Samples were harvested from mice on day 9. Data collected from samples taken on day 9 are shown in FIG. 2. Day 9 results showed that while GFP producing tumors were visualized using fluorescent light, no circulating tumor cells were collected. The total amount of tumor weight obtained in one mice was 0.018 grams.

Samples were harvested from mice on day 16. Data collected from samples taken on day 16 are shown in FIG. 3. Analysis of live mice using fluorescent light showed significant accumulation of GFP producing tumor. Analysis of open and dead mice showed that even greater amounts of GFP producing tumors could be visualized using fluorescent light. In one mouse, approximately 0.2 grams of GFP producing tumor was harvested. For the same mouse, the number of circulating tumor cells detected in the cardiac puncture blood samples prior to enrichment was approximately 10 cells per μL of initial blood sample. This blood sample allowed for approximately 200 circulating tumor cells to be visualized in a 20 μL sample. In comparison, approximately 2900 circulating tumor cells were visualized after enrichment of the cardiac puncture sample from the same mouse using the microfluidic device described above. This corresponded to approximately 5.8 circulating cells per μL of initial blood sample or 58% cell capture.

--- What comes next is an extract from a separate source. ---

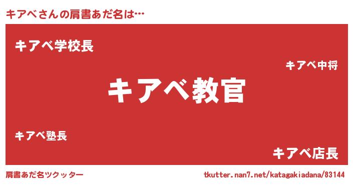 | 男性向けラノベタイトル風あだ名 | 『魔弾の王とキアベ』『キアベの憂鬱』 |
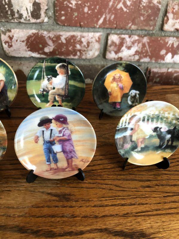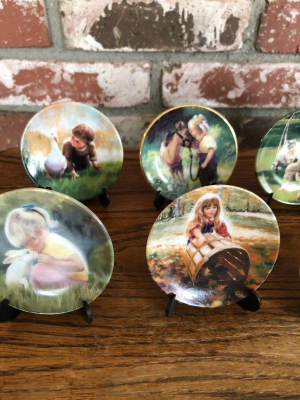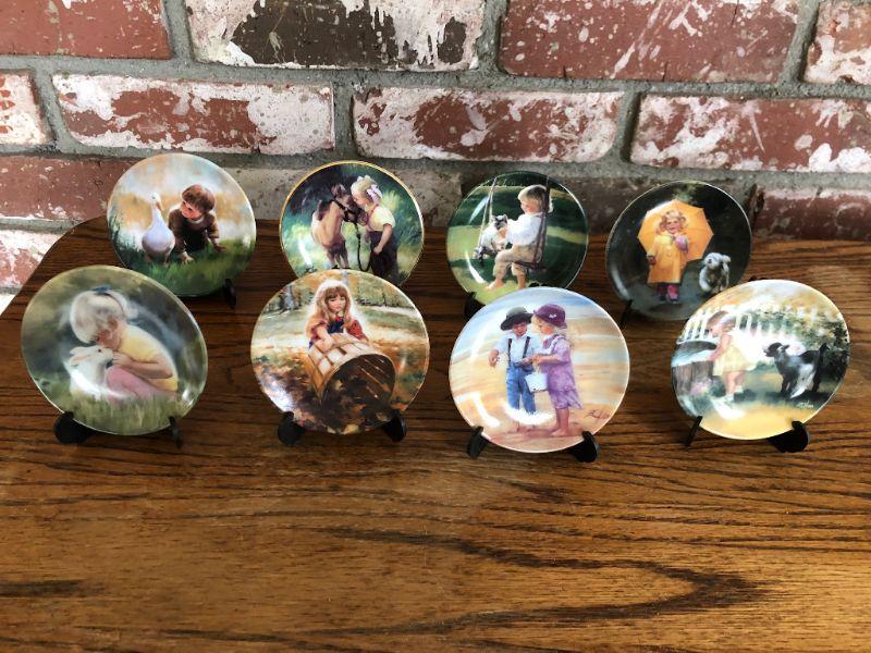 Set of 8 collector plates by famous artist of children, Donald Zolan. Issued by Pemberton & Oakes, 3" size. Good Condition.

As shown in FIG. 4, images of the blood samples taken by cardiac puncture show that some cells exist as clusters or micro-emboli of 3 or more cells. These clusters or micro-emboli were also captured during enrichment using the microfluidic device described above. As shown in FIG. 5, many of these clumps or clusters of cells were captured in the first two rows of obstacles.

It should be understood from the foregoing that, while particular implementations have been illustrated and described, various modifications can be made thereto and are contemplated herein. It is also not intended that the invention be limited by the specific examples provided within the specification. While the invention has been described with reference to the aforementioned specification, the descriptions and illustrations of the preferable embodiments herein are not meant to be construed in a limiting sense. Furthermore, it shall be understood that all aspects of the invention are not limited to the specific depictions, configurations or relative proportions set forth herein which depend upon a variety of conditions and variables. Various modifications in form and detail of the embodiments of the invention will be apparent to a person skilled in the art. It is therefore contemplated that the invention shall also cover any such modifications, variations and equivalents.